French actor (born 1966)

Olivier Martinez (born 12 January 1966)
is a French actor. He became well known after roles in several French films such as Un, deux, trois, soleil (1993), which garnered him the César Award for "Most Promising Actor", The Horseman on the Roof (1995), and The Chambermaid on the Titanic (1997). He has also appeared in Hollywood-produced features, including the drama Before Night Falls (2000) and the erotic thriller Unfaithful (2002), and playing the role of a French drug lord in the action-crime-thriller S.W.A.T. (2003).

==Early life==
Martinez was born in Paris, France, to a working-class family. His father was a Spanish professional boxer and his mother was a French secretary. Olivier trained as a boxer and dreamed to become a professional boxer, but after trauma decided to become an actor. He studied at the CNSAD and began his acting career in his native France in 1990. Martinez was raised Catholic.

==Career==
In 1994, Martinez won a César Award as "Most Promising Actor" for his role in the film Un, deux, trois, soleil (1993). This was followed by a leading role in the Jean-Paul Rappeneau period film The Horseman on the Roof (Le Hussard sur le Toit) in 1995 in which he starred alongside Juliette Binoche as an Italian nobleman. The film was hailed as the most expensive French film at that time in history but failed to reach its $35 million budget. In 1996/7 he appeared in Bertrand Blier's romantic comedy My Man (Mon Homme) alongside Anouk Grinberg, Gérard Lanvin, and Valeria Bruni Tedeschi. Later in 1997 he played a leading role in Bigas Luna's drama The Chambermaid on the Titanic (La Femme de chambre du Titanic) alongside Romane Bohringer, set during the time of the Titanics sinking voyage in 1912. Martinez portrays a French foundry worker who wins a strongman contest and the prize of a trip to view the departing maiden voyage of the ill-fated Titanic. The film was well-received; Mick LaSalle of the San Francisco Chronicle praised what he felt was a rare honest portrayal of male sexuality by Martinez.

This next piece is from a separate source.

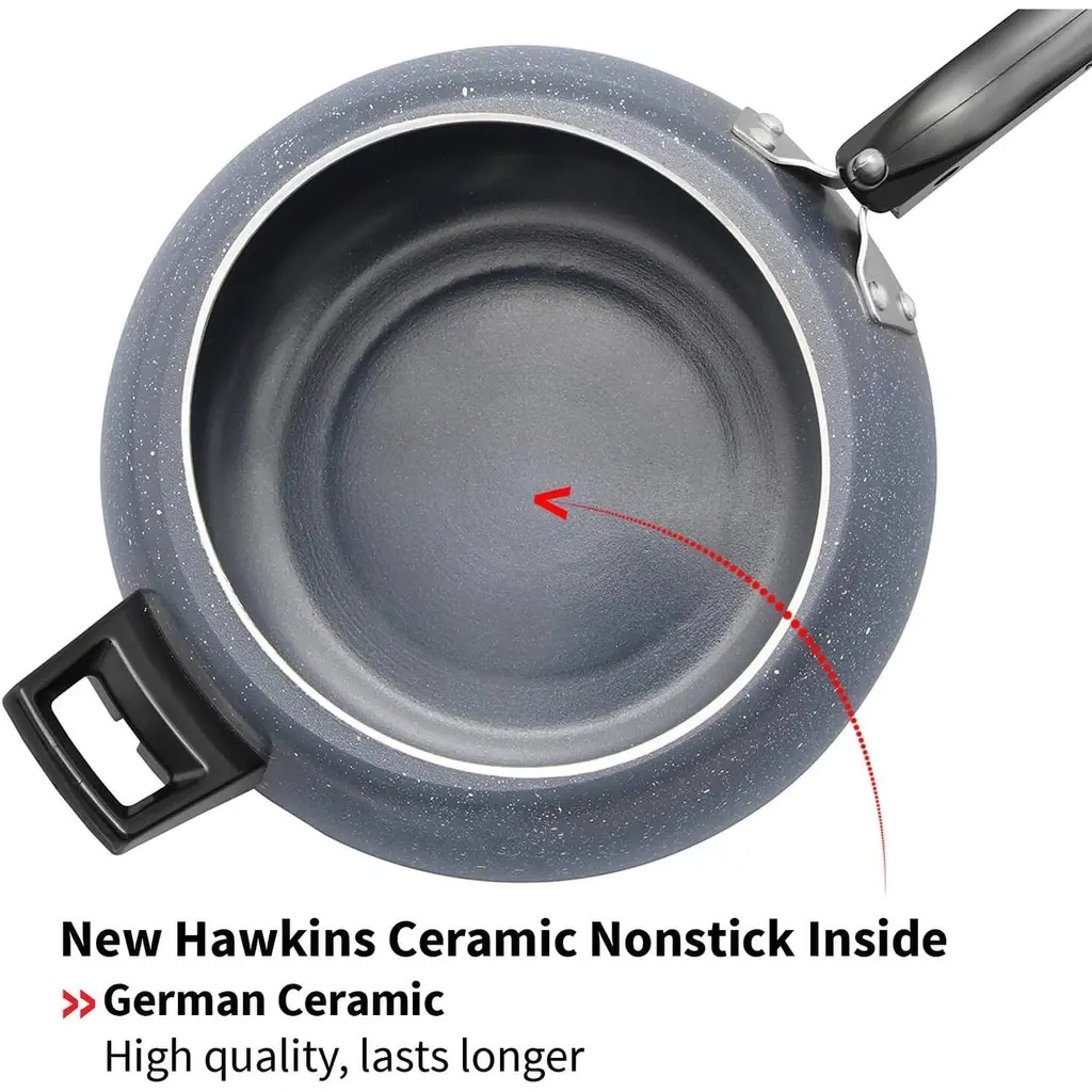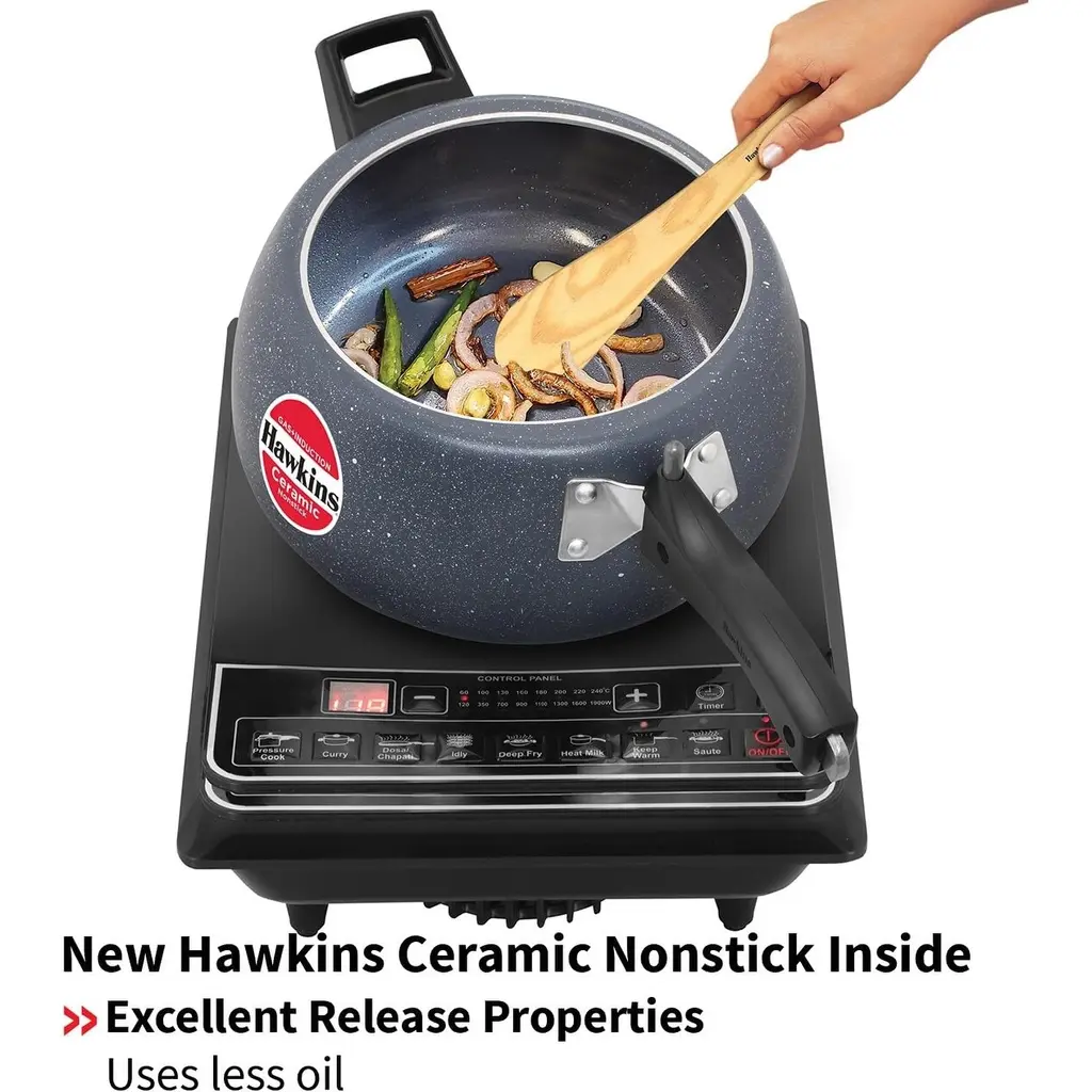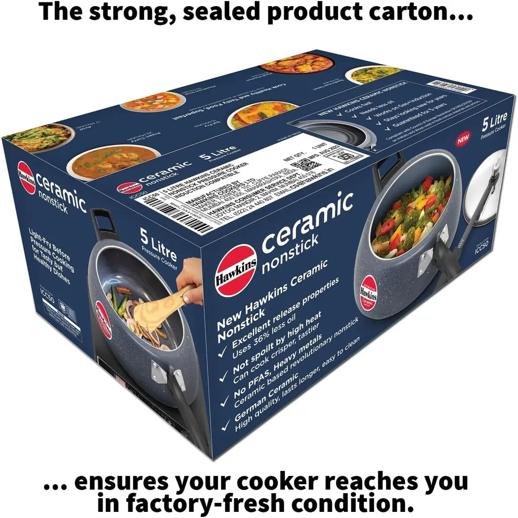 Meet the Hawkins Ceramic Nonstick Pressure Cooker boasting excellent release properties. This pressure cooker minimizes oil usage without compromising on flavor. Its nonstick coating, unfazed by high heat, promises crisper and tastier food. Crafted with high-quality German ceramic, the ceramic nonstick coating ensures durability, making it a reliable and long-lasting addition to your kitchen. A standout feature of the Hawkins Ceramic Nonstick Pressure Cooker is its commitment to health and safety. Free from PFAS and heavy metals, it provides a healthier option for your cooking endeavors. The exterior is adorned with an attractive ceramic coating that is not only pleasing to the eye but also resistant to scratches and stains, ensuring a fresh, new look for years to come. Performance takes center stage with this cooker, as it cooks fast and requires minimal oil. It effortlessly transitions between gas and induction stovetops, making it an adaptable choice for any kitchen setup.

Martinez first came to mainstream attention in Hollywood films with his performance in Julian Schnabel's Before Night Falls (2000) opposite Javier Bardem and Johnny Depp. The screenplay is based on the autobiography of the same name of Reinaldo Arenas, which was published in English in 1993. The film was highly critically acclaimed, although Martinez's performance was overshadowed by that of Bardem in the eyes of critics. In early 2000s Martinez was in the peak of popularity, reached the status of sex symbol and was called "French Brad Pitt". Unbelievably handsome actor with aristocratic looks was predicted to have a great future and was offered more and more roles in Hollywood. He was later noted for his performance opposite Diane Lane in Unfaithful (2002). He has since appeared in a television adaptation of The Roman Spring of Mrs. Stone (2003), S.W.A.T. (2003) and Taking Lives (2004). He also starred as Gabriel in the 2007 movie adaptation of Blood and Chocolate, a popular book. Martinez plays Mauritius, prefect of Mamertine Prison in Paul, Apostle of Christ (2017).

==Personal life==
Martinez began a relationship with Australian singer and actress Kylie Minogue after meeting her at the 2003 Grammy Awards ceremony. They ended their relationship in February 2007.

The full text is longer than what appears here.